• [Work item]
The records below are to be restated word for word, with their images omitted.

[Source data — start]

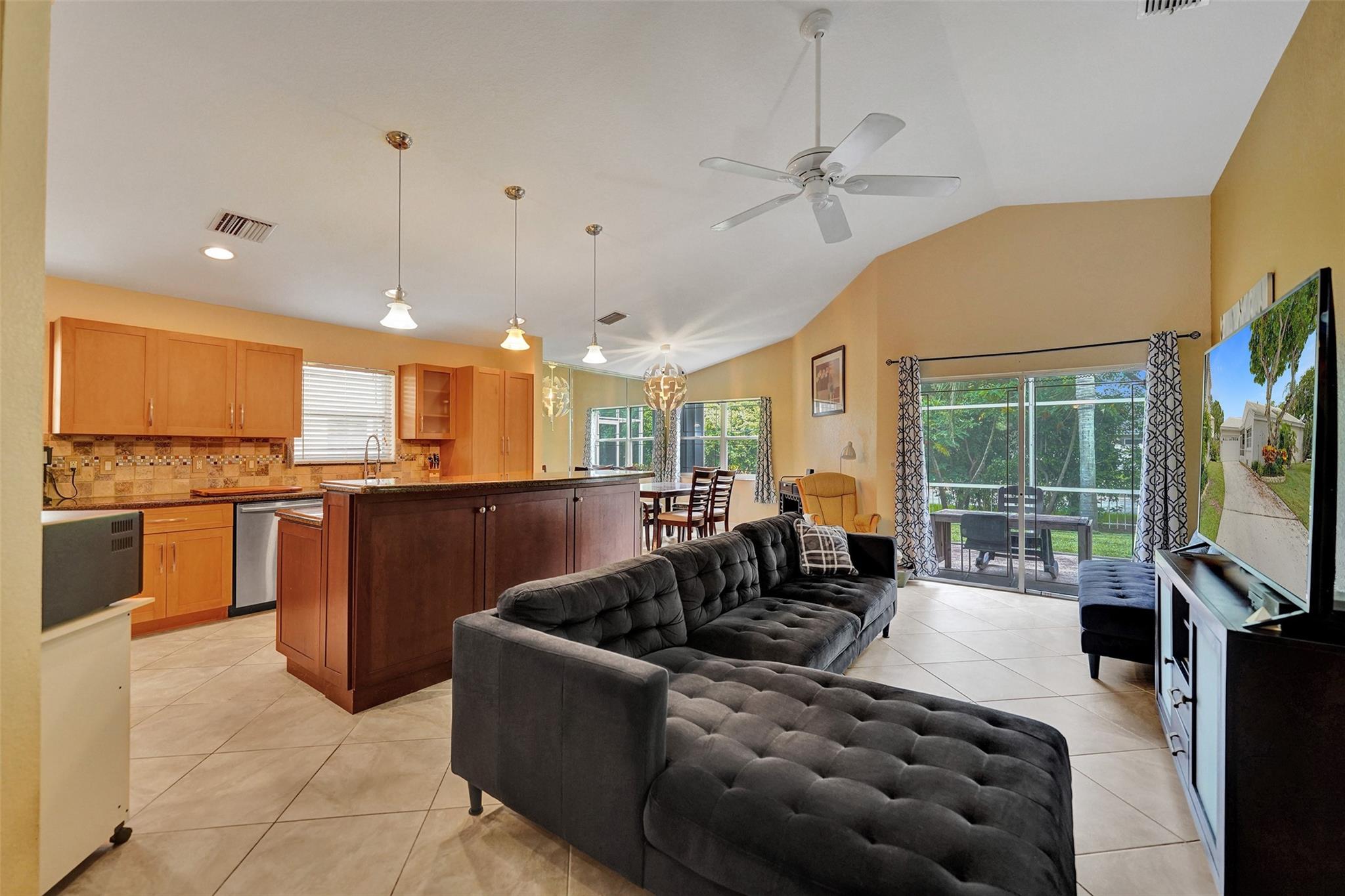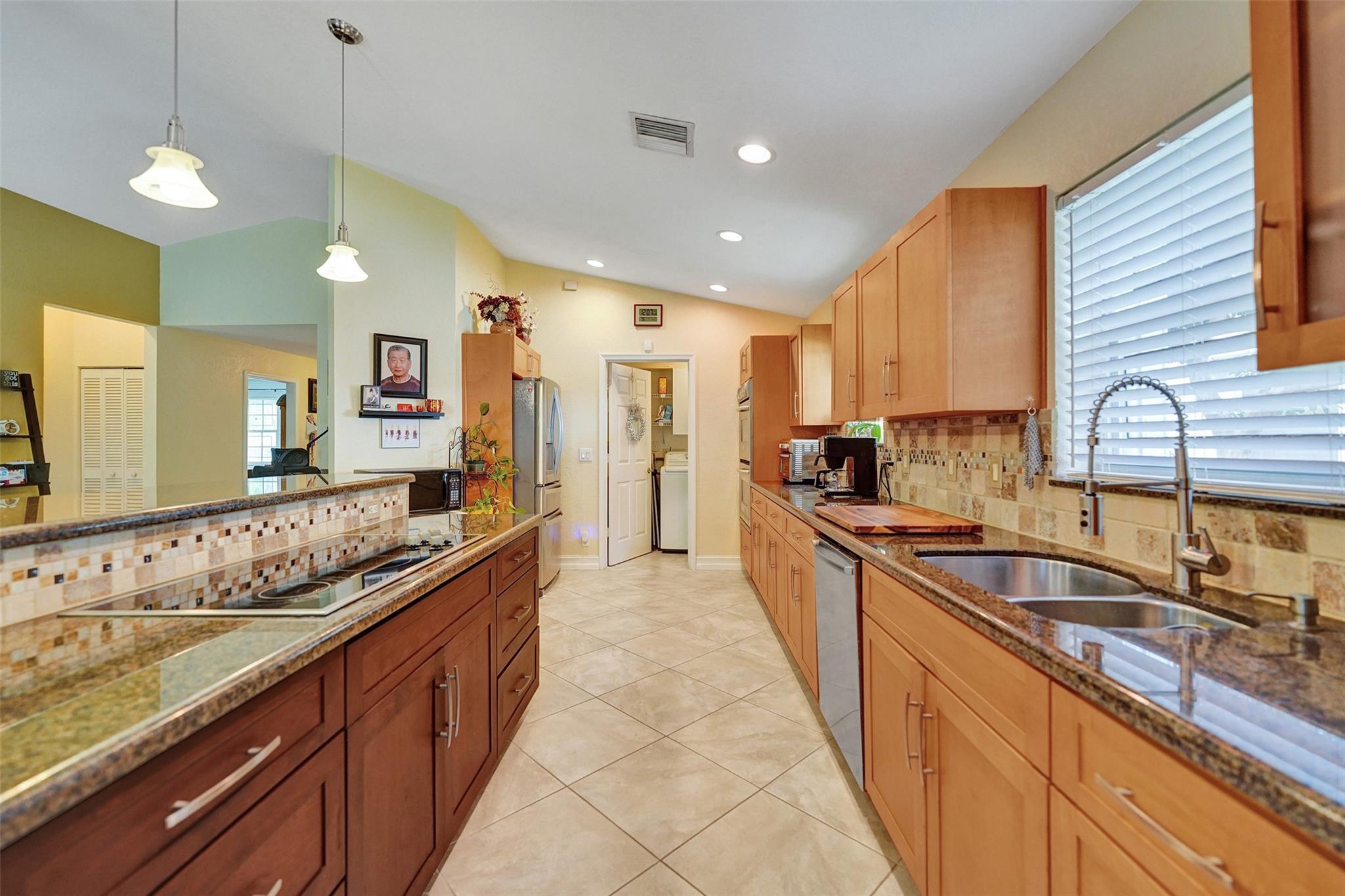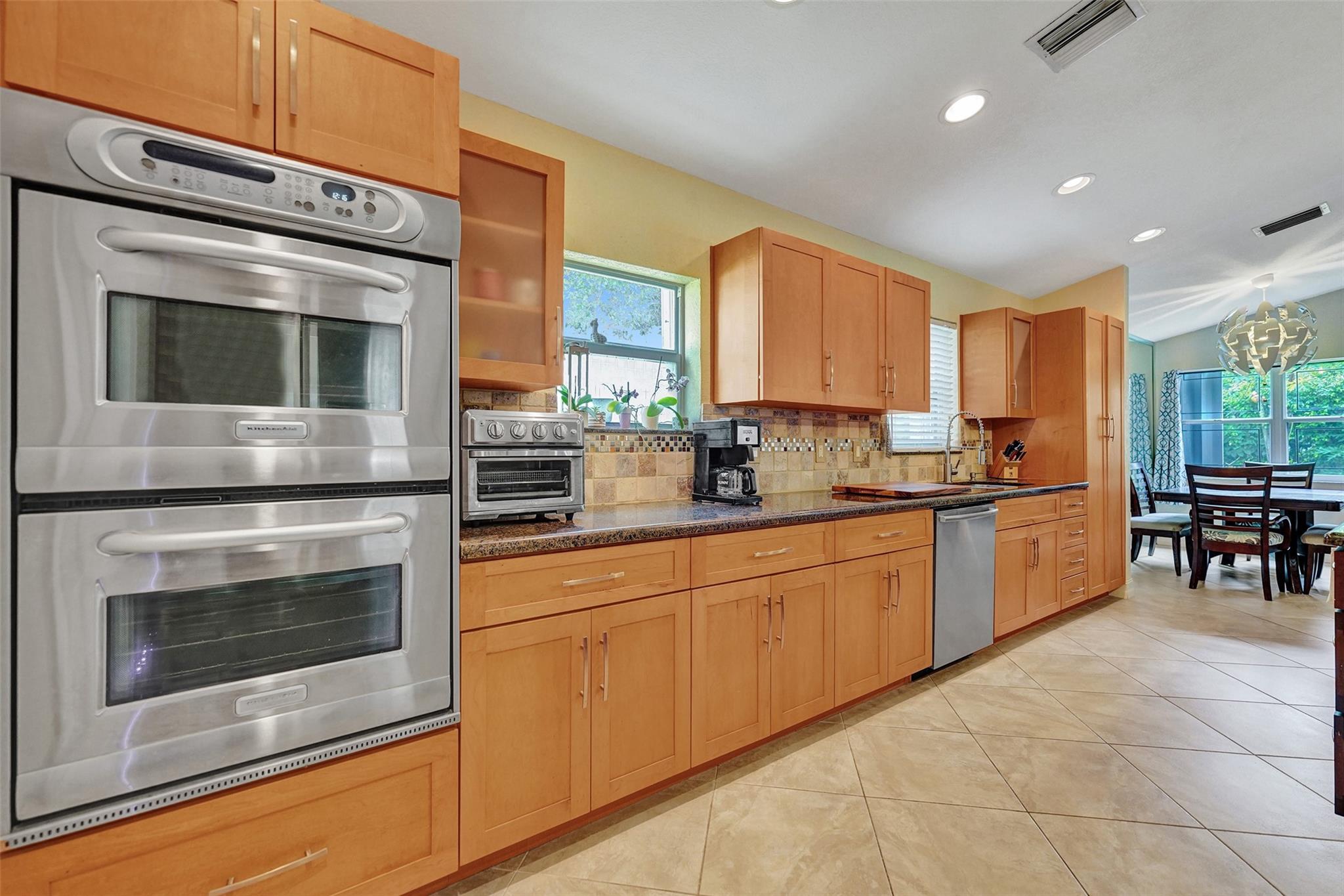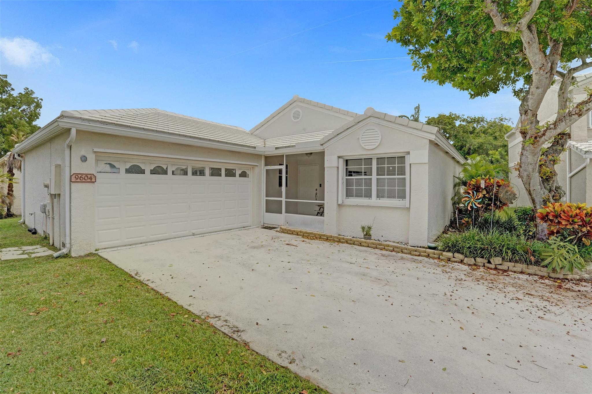 This charming three-bedroom, two-bathroom property located in gated Jacaranda Pointe offers a comfortable and inviting atmosphere for you to call home. As you step inside, you'll be greeted by a spacious living area where the kitchen seamlessly opens to the dining and living rooms, creating a perfect space for entertaining and everyday living. The kitchen features KitchenAid double wall ovens and cooktop, Bosch dishwasher, plenty of storage space, and snack bar/countertop seating with additional storage. Additional features: two-car garage w/long driveway for plenty of guest parking plus covered patio and porch spaces, and a laundry room w/sink. Cool off in the community pool or head over to Central Park & enjoy some Pickleball/Tennis/Sports, shopping and restaurants within a 5m drive.
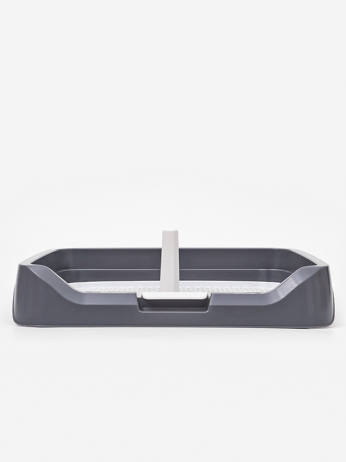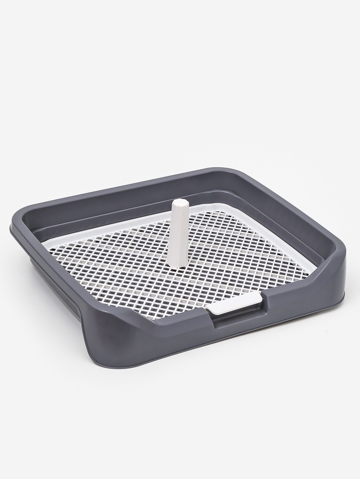* Съёмная решётка: пластиковая сетка удерживает лапы над наполнителем или впитывающей пелёнкой. Её можно легко снять для чистки — никаких брызг и разносимой грязи по дому.
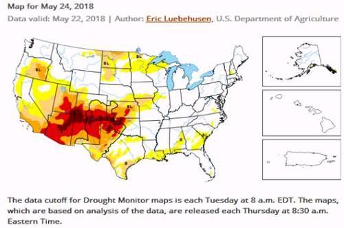 近日得州西部出现了大范围降雨,但仍没有改变当地极度干旱的状态,天气预报显示,拉伯克地区高温将持续至下周,降水概率很小。关注后期降水情况。
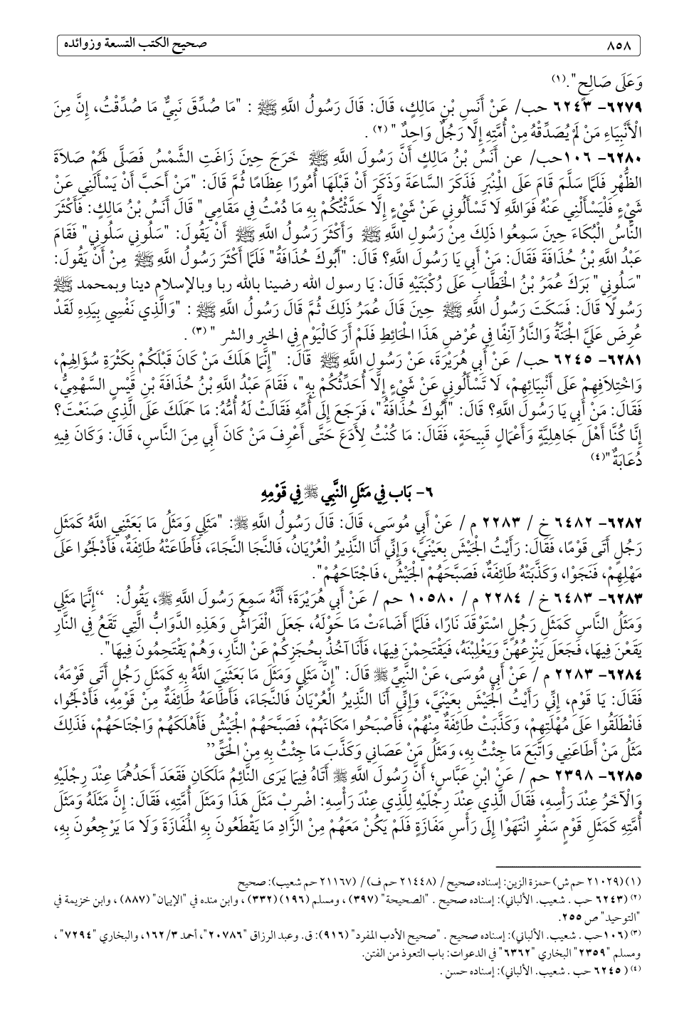 ٦٢٨٤ - ٢٢٨٣ م / عَنْ أَبِي مُوسَى، عَنْ النَّبِيِّ - صلى الله عليه وسلم - قَالَ: "إِنَّ مَثَلِي وَمَثَلَ مَا بَعَثَنِيَ اللَّهُ بِهِ كَمَثَلِ رَجُلٍ أَتَى قَوْمَهُ، فَقَالَ: يَا قَوْمِ، إِنِّي رَأَيْتُ الْجَيْشَ بِعَيْنَيَّ، وَإِنِّي أَنَا النَّذِيرُ الْعُرْيَانُ فَالنَّجَاءَ، فَأَطَاعَهُ طَائِفَةٌ مِنْ قَوْمِهِ، فَأَدْلَجُوا، فَانْطَلَقُوا عَلَى مُهْلَتِهِمْ، وَكَذَّبَتْ طَائِفَةٌ مِنْهُمْ، فَأَصْبَحُوا مَكَانَهُمْ، فَصَبَّحَهُمْ الْجَيْشُ فَأَهْلَكَهُمْ وَاجْتَاحَهُمْ، فَذَلِكَ مَثَلُ مَنْ أَطَاعَنِي وَاتَّبَعَ مَا جِئْتُ بِهِ، وَمَثَلُ مَنْ عَصَانِي وَكَذَّبَ مَا جِئْتُ بِهِ مِنْ الْحَقِّ"
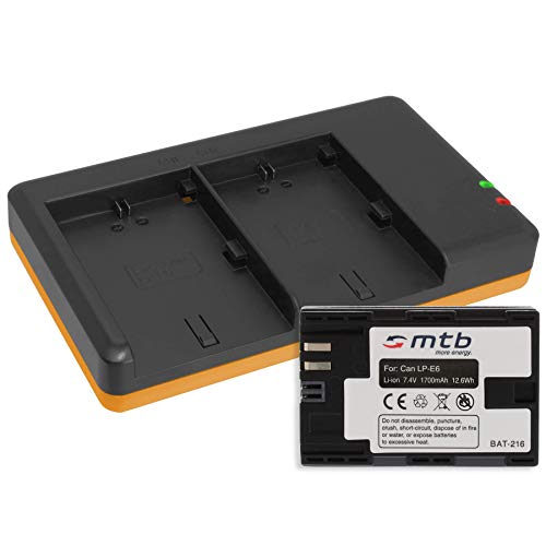 Batteria + Caricabatteria doppio (USB) per Canon LP-E6(N) / EOS 5D Mark II, III, IV / 6D, 7D II, 60D(a), 70D, 80D / XC-10 / WTF-E5, E7... - v. lista (Cavo USB micro incluso)
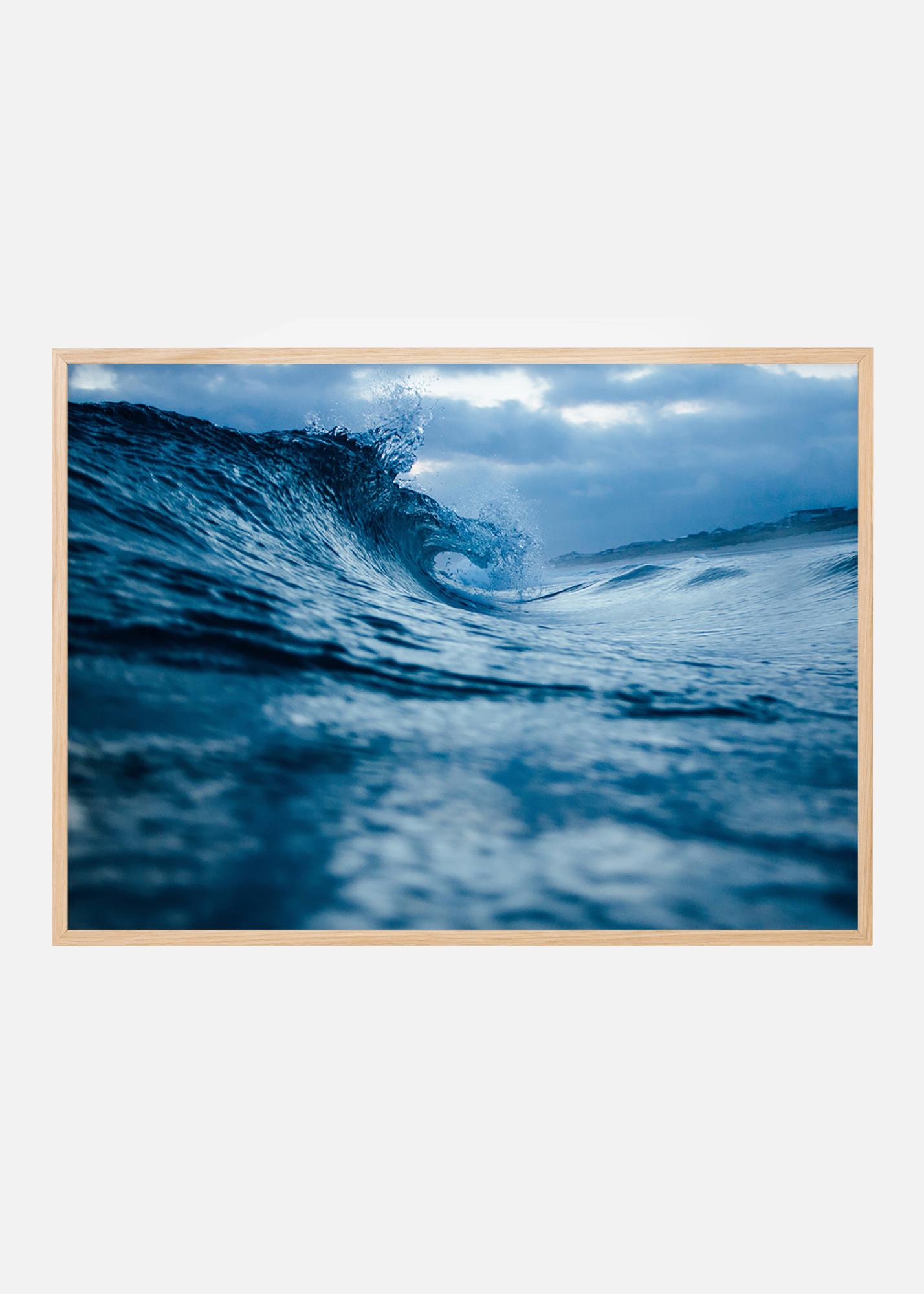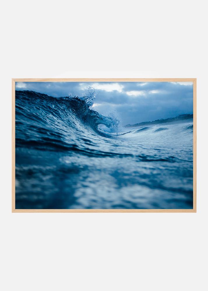 Si vous êtes toujours à la recherche de la vague parfaite, alors ce poster est pour vous. Une photographie pleine d'action entièrement dans des nuances froides de bleu d'une vague qui se brise à l'approche de la terre. Le poster est le cadeau parfait pour le passionné de surf et, complété par un cadre élégamment usé qui évoque le bois flotté, il s'intègre bien aussi dans la décoration d'une maison d'été.
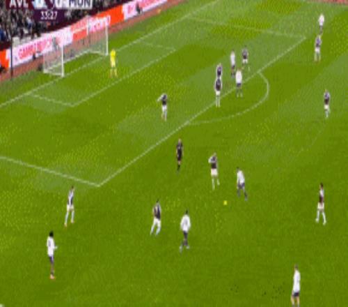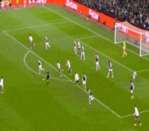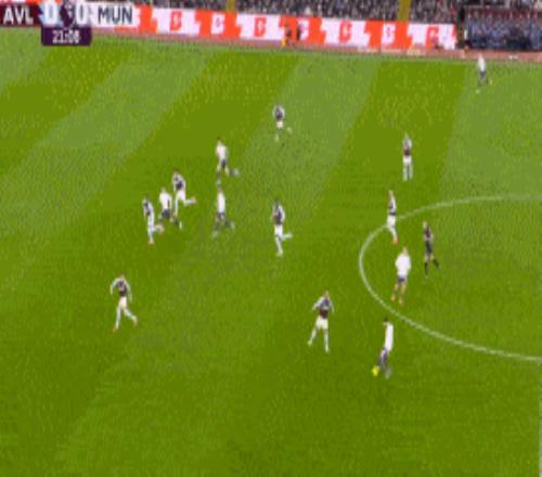 第45分鐘,羅杰斯左路內(nèi)切后兜射,皮球直掛網(wǎng)窩死角,拉門斯毫無反應(yīng),維拉1-0曼聯(lián)。
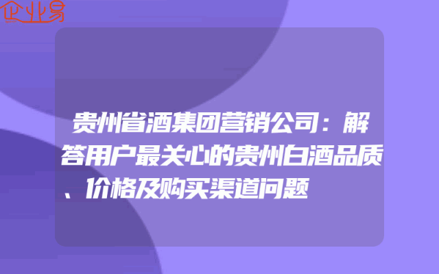 - 贵州省酒集团营销公司:解答用户最关心的贵州白酒品质、价格及购买渠道问题
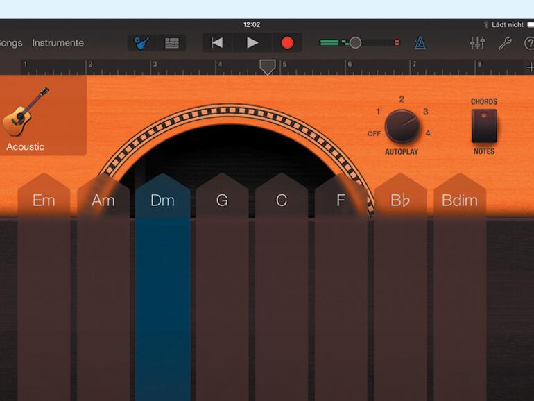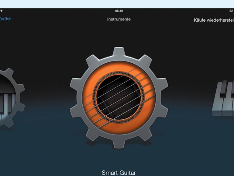 GarageBand gibt es auch als App für iPad, iPhone und iPod touch (4,99 Euro). Die App bringt so genannte smarte Instrumente mit. Diese können vollautomatisch Akkorde spielen. Sie wechseln sie mit nur einem Fingertipp. So lassen sich schnell und einfach überzeugende Melodien komponieren. Wie auf dem Mac arrangieren Sie am iPad einzelne Aufnahmen in unterschiedlichen Spuren zu einem Gesamtwerk. Dazu stehen Ihnen ebenfalls zusätzliche Loops sowie Filter zum Verfremden zur Verfügung. Ebenfalls möglich: der Anschluss einer Gitarre.

[Source data — finish]

• [Solution to this problem]
 This charming three-bedroom, two-bathroom property located in gated Jacaranda Pointe offers a comfortable and inviting atmosphere for you to call home. As you step inside, you'll be greeted by a spacious living area where the kitchen seamlessly opens to the dining and living rooms, creating a perfect space for entertaining and everyday living. The kitchen features KitchenAid double wall ovens and cooktop, Bosch dishwasher, plenty of storage space, and snack bar/countertop seating with additional storage. Additional features: two-car garage w/long driveway for plenty of guest parking plus covered patio and porch spaces, and a laundry room w/sink. Cool off in the community pool or head over to Central Park & enjoy some Pickleball/Tennis/Sports, shopping and restaurants within a 5m drive.
* Съёмная решётка: пластиковая сетка удерживает лапы над наполнителем или впитывающей пелёнкой. Её можно легко снять для чистки — никаких брызг и разносимой грязи по дому.
 近日得州西部出现了大范围降雨,但仍没有改变当地极度干旱的状态,天气预报显示,拉伯克地区高温将持续至下周,降水概率很小。关注后期降水情况。
 ٦٢٨٤ - ٢٢٨٣ م / عَنْ أَبِي مُوسَى، عَنْ النَّبِيِّ - صلى الله عليه وسلم - قَالَ: "إِنَّ مَثَلِي وَمَثَلَ مَا بَعَثَنِيَ اللَّهُ بِهِ كَمَثَلِ رَجُلٍ أَتَى قَوْمَهُ، فَقَالَ: يَا قَوْمِ، إِنِّي رَأَيْتُ الْجَيْشَ بِعَيْنَيَّ، وَإِنِّي أَنَا النَّذِيرُ الْعُرْيَانُ فَالنَّجَاءَ، فَأَطَاعَهُ طَائِفَةٌ مِنْ قَوْمِهِ، فَأَدْلَجُوا، فَانْطَلَقُوا عَلَى مُهْلَتِهِمْ، وَكَذَّبَتْ طَائِفَةٌ مِنْهُمْ، فَأَصْبَحُوا مَكَانَهُمْ، فَصَبَّحَهُمْ الْجَيْشُ فَأَهْلَكَهُمْ وَاجْتَاحَهُمْ، فَذَلِكَ مَثَلُ مَنْ أَطَاعَنِي وَاتَّبَعَ مَا جِئْتُ بِهِ، وَمَثَلُ مَنْ عَصَانِي وَكَذَّبَ مَا جِئْتُ بِهِ مِنْ الْحَقِّ"
 Batteria + Caricabatteria doppio (USB) per Canon LP-E6(N) / EOS 5D Mark II, III, IV / 6D, 7D II, 60D(a), 70D, 80D / XC-10 / WTF-E5, E7... - v. lista (Cavo USB micro incluso)
 Si vous êtes toujours à la recherche de la vague parfaite, alors ce poster est pour vous. Une photographie pleine d'action entièrement dans des nuances froides de bleu d'une vague qui se brise à l'approche de la terre. Le poster est le cadeau parfait pour le passionné de surf et, complété par un cadre élégamment usé qui évoque le bois flotté, il s'intègre bien aussi dans la décoration d'une maison d'été.
 第45分鐘,羅杰斯左路內(nèi)切后兜射,皮球直掛網(wǎng)窩死角,拉門斯毫無反應(yīng),維拉1-0曼聯(lián)。
 - 贵州省酒集团营销公司:解答用户最关心的贵州白酒品质、价格及购买渠道问题
 GarageBand gibt es auch als App für iPad, iPhone und iPod touch (4,99 Euro). Die App bringt so genannte smarte Instrumente mit. Diese können vollautomatisch Akkorde spielen. Sie wechseln sie mit nur einem Fingertipp. So lassen sich schnell und einfach überzeugende Melodien komponieren. Wie auf dem Mac arrangieren Sie am iPad einzelne Aufnahmen in unterschiedlichen Spuren zu einem Gesamtwerk. Dazu stehen Ihnen ebenfalls zusätzliche Loops sowie Filter zum Verfremden zur Verfügung. Ebenfalls möglich: der Anschluss einer Gitarre.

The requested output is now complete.